On a couple of days we took the local bus which ran from the north to the south of the island down the east coast main road dropping people off and picking others up at the several pretty little beaches all the way down the coast. The bus was crowded every time and just like the taxis there seemed to be no limit to the amount of passengers that the driver could pack on board. The journey to Koukanaries beach only took about twenty minutes but it wasn’t especially comfortable crammed in together in a hot dusty bus without space or air but Koukanaries and the nearby, unfortunately named, Banana beach were worth the discomfort however because they were the best on the island and probably among the finest in Greece.
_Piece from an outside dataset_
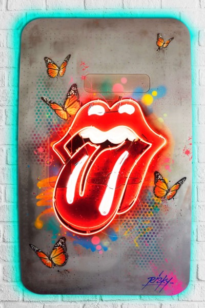 Acrylic, Aerosol, Kandy Car Paint, Crushed Abalone with Neon on 747 Aircraft Door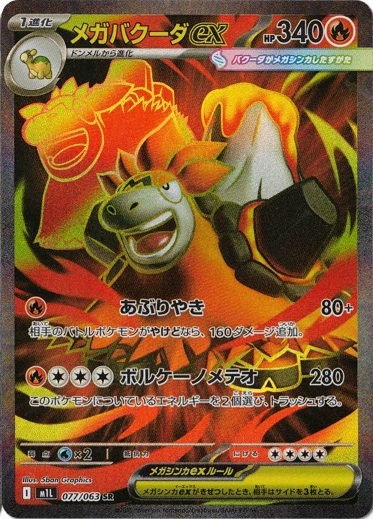 収録:メガブレイブ コレクションナンバー: 077/063 種類:ポケモン タイプ:炎 カード名:メガバクーダex レアリティ:SR

One day all of the boys went on an afternoon snorkeling trip on a boat to a deserted part of the island but it was a bit of a worry when we found ourselves swimming with men fishing with harpoon guns that looked dangerous and potentially lethal. The girls went to a Greek party night but we sat that one out and on one day Deanna and I went to Athens on a full day excursion. This was my first visit to Athens and we visited the Acropolis and the Parthenon, had lunch in Syntagma and a stroll through Monastaraki. It was a good trip but far too much for one day but I have been back four times and seen most of what I need to see now.
The best excursion of the holiday was in the middle of week two when we went on a boat trip to the nearby green wooded islands of Skópelos and Alónnisos, two more of the Sporadic islands and both quite different from Skiathos. First we stopped at Patitíri, the main port town of Alónnisos, which seemed strangely quiet compared to the frenetic activity in Skiathos town where we wandered around the dusty streets and had refreshments at a quiet little taverna that had lashings of time to spare as they served leisurely drinks and snacks.
We didn’t stay long on Alónnisos however and soon left and set off to neighbouring Skópelos, which turned out to be one of the best islands that I have ever been to and I have always promised myself a return visit one day.
Skópelos is best known now as the island where they filmed the ABBA musical Mama Mia and that might have made a difference I suppose but on this visit it was practically perfect. The main town was busy but not hectic with pebbled streets meandering between red roofed houses with fish scaled tiles up to the ruined Venetian castle at the top where the views over the wide bay with its little boats and transparent sparkling water under the full glare of the mid afternoon sun was practically perfect. Skópelos was more picturesque and less touristy than Skiathos and we enjoyed a late afternoon meal down at the edge of the harbour before rejoining the little boat for the return trip home.
I liked Skiathos but not enough to want to return. The green pine wooded Sporades with their fertile soils and picturesque fields full of crops were a complete contrast to the barren and rugged Cyclades that have now established themselves as my favourites but one day I will go back and visit friendly Skópelos as I promised.